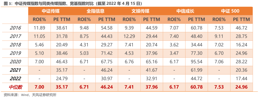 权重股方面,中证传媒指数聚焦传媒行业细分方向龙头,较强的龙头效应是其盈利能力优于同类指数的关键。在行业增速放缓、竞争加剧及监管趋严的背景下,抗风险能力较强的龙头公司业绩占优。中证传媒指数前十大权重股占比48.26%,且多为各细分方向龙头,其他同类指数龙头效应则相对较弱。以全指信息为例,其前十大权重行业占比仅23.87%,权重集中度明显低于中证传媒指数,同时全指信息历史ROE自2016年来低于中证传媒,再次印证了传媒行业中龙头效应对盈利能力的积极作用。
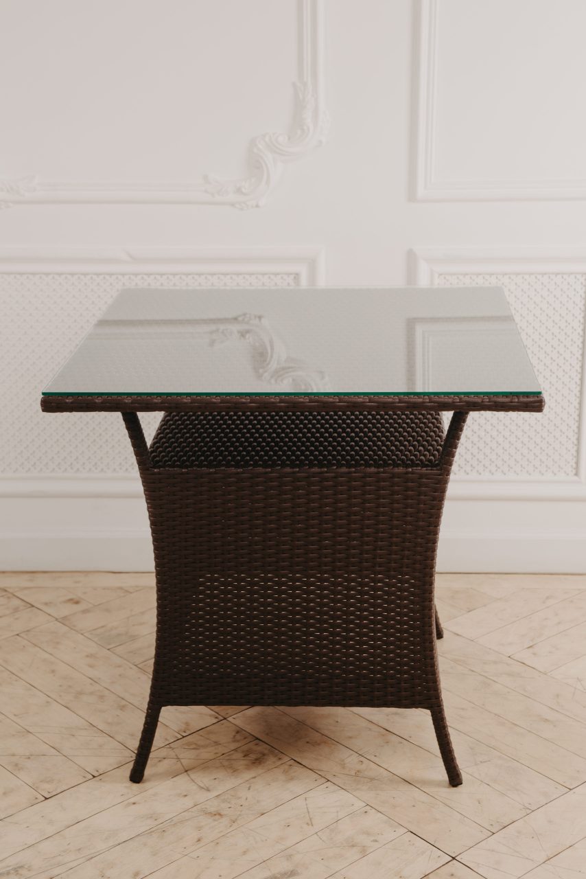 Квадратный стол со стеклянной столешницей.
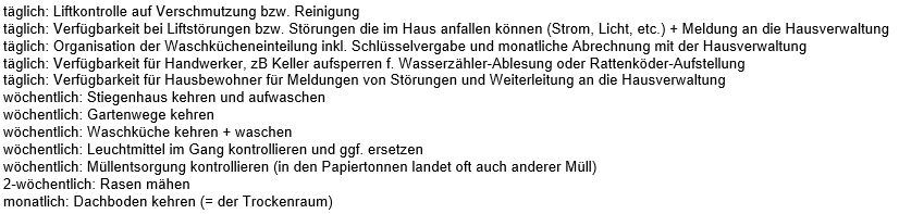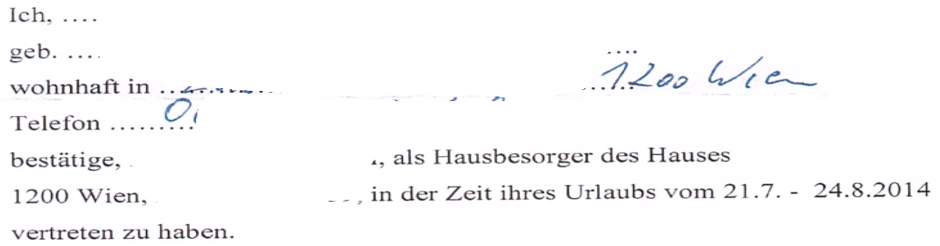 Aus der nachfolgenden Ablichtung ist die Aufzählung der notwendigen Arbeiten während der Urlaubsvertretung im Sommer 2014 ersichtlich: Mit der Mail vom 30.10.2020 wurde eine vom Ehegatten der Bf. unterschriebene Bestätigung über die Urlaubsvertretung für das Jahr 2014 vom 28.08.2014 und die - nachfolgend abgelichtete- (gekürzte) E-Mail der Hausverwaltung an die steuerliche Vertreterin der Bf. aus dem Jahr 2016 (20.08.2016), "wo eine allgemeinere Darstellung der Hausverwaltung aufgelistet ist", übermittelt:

* _EXERCISE DETAILS_
Exactly repeat the material from its first line through the line with "Квадратный стол со стеклянной столешницей.", including both, and leave the pictures and everything else out.

* _RESULT_
 权重股方面,中证传媒指数聚焦传媒行业细分方向龙头,较强的龙头效应是其盈利能力优于同类指数的关键。在行业增速放缓、竞争加剧及监管趋严的背景下,抗风险能力较强的龙头公司业绩占优。中证传媒指数前十大权重股占比48.26%,且多为各细分方向龙头,其他同类指数龙头效应则相对较弱。以全指信息为例,其前十大权重行业占比仅23.87%,权重集中度明显低于中证传媒指数,同时全指信息历史ROE自2016年来低于中证传媒,再次印证了传媒行业中龙头效应对盈利能力的积极作用。
 Квадратный стол со стеклянной столешницей.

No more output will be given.